|
Some Common Illnesses May
Increase Suicide Risk for Elderly People
http://seniorjournal.com/NEWS/Eldercare/4-06-15illness.htm
June 15, 2004 - Elderly people kill themselves at a higher
rate than others and a recent study has identified illnesses
which may increase the suicide risk. Suicide ranks number 11 in
the leading causes of death in the United States.
Many of the illnesses associated with suicide risk are common,
according to an article in the June 14 issue of The Archives of
Internal Medicine, one of the JAMA/Archives journals. Medical
illnesses may predispose to suicide, but few studies have
examined the association between suicide and specific illnesses,
the article states.
David N. Juurlink, M.D., Ph.D., of Sunnybrook and Women’s
College Health Sciences Centre, Toronto, Ontario, and colleagues
examined the relationship between treatment for several
illnesses and the risk of suicide in elderly patients.
The researchers examined the prescription records of all Ontario
residents 66 years and older who committed suicide between
January 1, 1992 and December 31, 2000. For each resident who
committed suicide, the researchers also looked at the
prescription records of four living controls matched for age,
sex, residential area, and income to determine the presence or
absence of 17 illnesses potentially related to suicide.
Among the 1,329 elderly persons who committed suicide (1,012
men; 317 women), the most common methods involved firearms (28
percent), hanging (24 percent), and self-poisoning (21 percent).

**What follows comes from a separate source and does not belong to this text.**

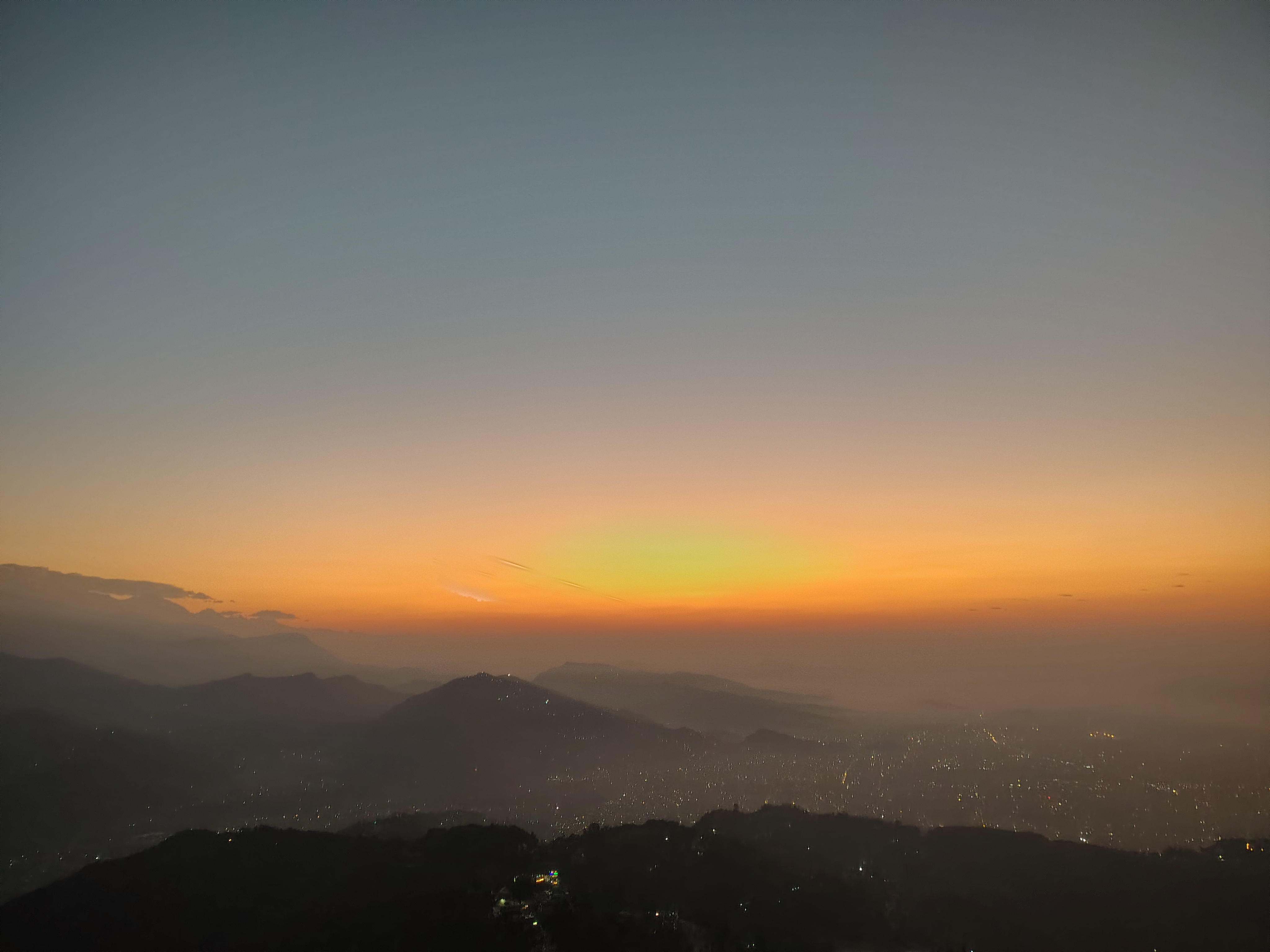 Alternative Text: A panoramic view of a sunset over a mountainous landscape. The sky is painted in gradient hues of orange, pink, and blue, transitioning from the warm colors of sunset to the cooler tones of twilight.

Depression, bipolar disorder (manic-depressive illness) and
severe pain were associated with the largest increases in
suicide risk. However, several other chronic illnesses including
seizure disorder, congestive heart failure, and chronic lung
disease, were also associated with an increased risk for
suicide.
The researchers also found that treatment for multiple illnesses
was strongly related to an increased risk of suicide, and that
most of the patients who committed suicide visited a physician
in the month before death, about half of them during the
preceding week.
“Our findings have important implications for prevention because
most elderly patients who commit suicide visit a physician
shortly beforehand, and many of them have clinically
recognizable features of depression at the time,” the authors
write. “Physicians, nurses, and other health care professionals
should be alert to the possible threat of suicide in elderly
patients with chronic illness, particularly in patients with
multiple illnesses, symptoms of depression, or other risk
factors for suicide.”
Editorial: Preventing Suicide in Elderly Patients
Eve K. Moscicki, Sc.D., M.P.H., of the National Institute of
Mental Health, Bethesda, Md., and Eric D. Caine, M.D., of
Rochester, N.Y., write, “While suicide may seem to many to be a
quintessentially individual problem resulting from intensely
personal decisions to end one’s life, empirical evidence over
the past two decades has shifted this view toward one of suicide
as a broader, population-based phenomenon with discernible
common patterns that can be used to help define generalized risk
and protective factors.”
They write that “Juurlink et al find that the likelihood of
suicide or nonfatal suicidal behaviors increases with an
increasing number of risk factors as well as with specific
medical conditions such as depression or severe pain. The
findings from this epidemiologic work can now form the basis for
a different type of study to examine the mechanisms by which
depression and general medical disorders may interact.”
The editorialists state that the findings by Juurlink et al
point in three different directions for future research:
describing the mechanisms that protect individuals with medical
disorders, depression and pain who do not kill themselves;
understanding how those who killed themselves appeared in their
physician’s offices and what a physician should look for; and
finally, developing preventive and therapeutic interventions to
help those identified as at increased risk for suicide.